Currently, I am using Sherwin Williams 400 Flat on all my ceilings. This is all new construction by the way. I find one finish coat looks really good with a very consistent finish. no flashing at all. Its almost chaulk flat and it also touches up really good. Does anyone have any experience with a Pittsburgh paint that is similar? I'm looking for a very flat, chaulk flat, finish with really good hide.

Thanks in advance!


----------



## ProWallGuy (Apr 7, 2007)

I have not found any Pittsburgh/Porter ceiling whites that I like. I use Ben Moore's Muresco Classic Formula.


----------



## ReNt A PaInTeR (Dec 28, 2008)

Maybe Wall Supreme, I did a new construction 3 years ago with that and it came ok, I think Sean uses PPG maybe he can give better advise :thumbsup:


----------



## Schmidt & Co. (Nov 6, 2008)

Good stuff right here. 

http://buyat.ppg.com/rep_pafpainttools_files/pghpaints/tdb/17-45.PDF


----------



## ttd (Sep 30, 2010)

47 line.
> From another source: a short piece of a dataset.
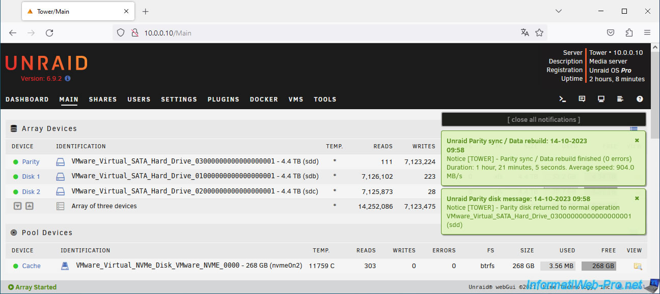 Une fois le calcul du disque de parité terminé, Unraid vous affichera des notifications vertes pour vous indiquer que la synchronisation de la parité est terminée et que l'état du disque de parité est de nouveau normal.

It is called Multi Pro.


----------



## AbsolutePainting (Feb 9, 2011)

My go to PPG ceiling paint is 50-35. Have always had very good results & easy to work with. I see its very similar to the 17-45 suggested earlier.

ppg.com/rep_pafpainttools_files/pghpaints/tdb/50-35.PDF


----------



## AbsolutePainting (Feb 9, 2011)

Try that again:

http://buyat.ppg.com/rep_pafpainttools_files/pghpaints/tdb/50-35.PDF


----------